--- What is required ---
Make an exact copy of the lines from the one containing "中證影視主題指數(shù)主要權(quán)重股" through the end of the records below, and leave out every picture.

--- Stored data ---

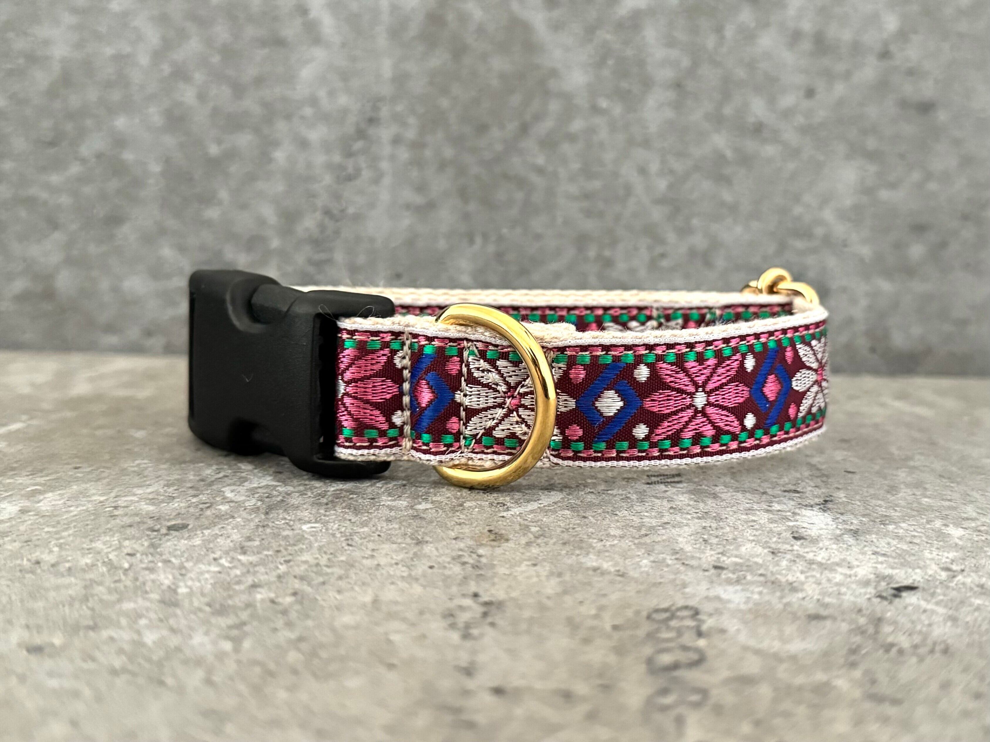 人気のフラワー柄のおしゃれな首輪。愛犬の肌に触れる部分にはレーヨンと麻でつくられた肌触り抜群の生地を使用。ファッショナブルな高級感を演出してくれるだけでなく、首元への負担を考えた愛犬のための優しい首輪です。
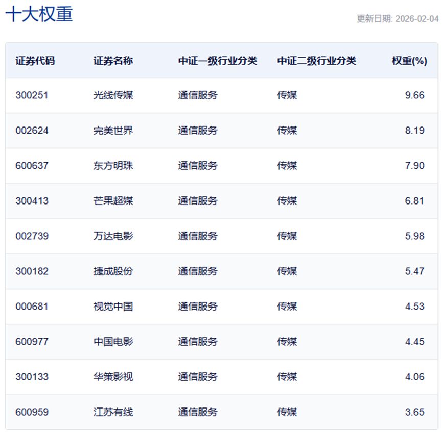 中證影視主題指數(shù)主要權(quán)重股
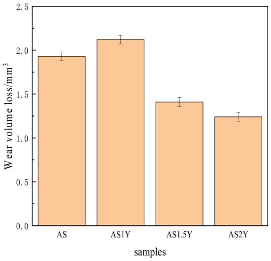 Figure 7 shows the wear volume loss of the cladding layer after 15 min of anti-grinding. The figure clearly shows that the AS2Y cladding layer’s wear volume loss is substantially smaller than that of the AS coating, demonstrating that the addition of Y2O3 can somewhat reduce the coating’s wear loss and increase its wear resistance. In fact, the evolution tendency of the wear volume loss in Figure 7 is consistent with the microhardness results in Figure 5. According to Deng et al. [29,30,38], a higher wear resistance or lower wear volume loss is generally obtained by increasing the mechanical strength and microhardness of a metallic material.
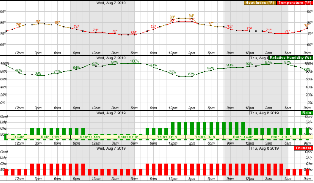 Then comes Wednesday, with a 70 percent chance of rain. The National Weather Service now forecasts a Marginal Risk for severe thunderstorms Wednesday, mainly for the afternoon and evening hours. The main threat would be damaging winds. Also, the heavy rainfall could lead to minor flooding of low lying, urban and poor drainage areas, especially Wednesday into Wednesday night. Isolated flash flooding is possible.
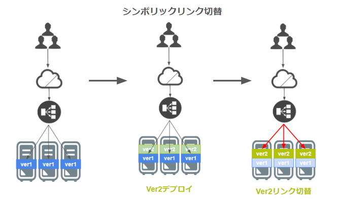 シンボリックリンク切替とは、稼働中のサーバーの別の環境にデプロイを実施し、アプリケーションの起動リンクを新バージョンに切り替える手法です。
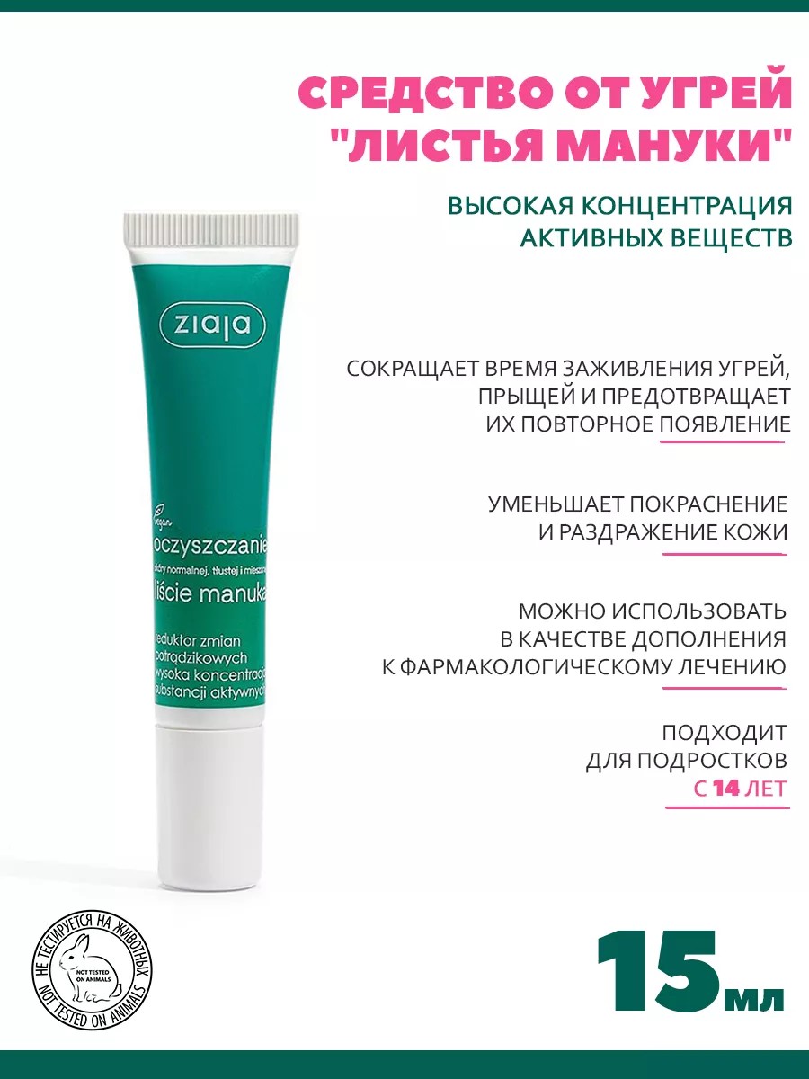 This acne treatment contains ingredients that reduce acne-causing bacteria. This acne cream helps quickly clear up pimples, leaving skin smooth and healthy. Manuka leaf extract has excellent anti-inflammatory, analgesic, and antioxidant properties. Ziaja spot cream for acne and inflammation with manuka leaf extract, 15 ml. This product is original and comes from the official distributor of Ziaja cosmetics in the Republic of Belarus.

---

--- Written solution ---
 中證影視主題指數(shù)主要權(quán)重股
 Figure 7 shows the wear volume loss of the cladding layer after 15 min of anti-grinding. The figure clearly shows that the AS2Y cladding layer’s wear volume loss is substantially smaller than that of the AS coating, demonstrating that the addition of Y2O3 can somewhat reduce the coating’s wear loss and increase its wear resistance. In fact, the evolution tendency of the wear volume loss in Figure 7 is consistent with the microhardness results in Figure 5. According to Deng et al. [29,30,38], a higher wear resistance or lower wear volume loss is generally obtained by increasing the mechanical strength and microhardness of a metallic material.
 Then comes Wednesday, with a 70 percent chance of rain. The National Weather Service now forecasts a Marginal Risk for severe thunderstorms Wednesday, mainly for the afternoon and evening hours. The main threat would be damaging winds. Also, the heavy rainfall could lead to minor flooding of low lying, urban and poor drainage areas, especially Wednesday into Wednesday night. Isolated flash flooding is possible.
 シンボリックリンク切替とは、稼働中のサーバーの別の環境にデプロイを実施し、アプリケーションの起動リンクを新バージョンに切り替える手法です。
 This acne treatment contains ingredients that reduce acne-causing bacteria. This acne cream helps quickly clear up pimples, leaving skin smooth and healthy. Manuka leaf extract has excellent anti-inflammatory, analgesic, and antioxidant properties. Ziaja spot cream for acne and inflammation with manuka leaf extract, 15 ml. This product is original and comes from the official distributor of Ziaja cosmetics in the Republic of Belarus.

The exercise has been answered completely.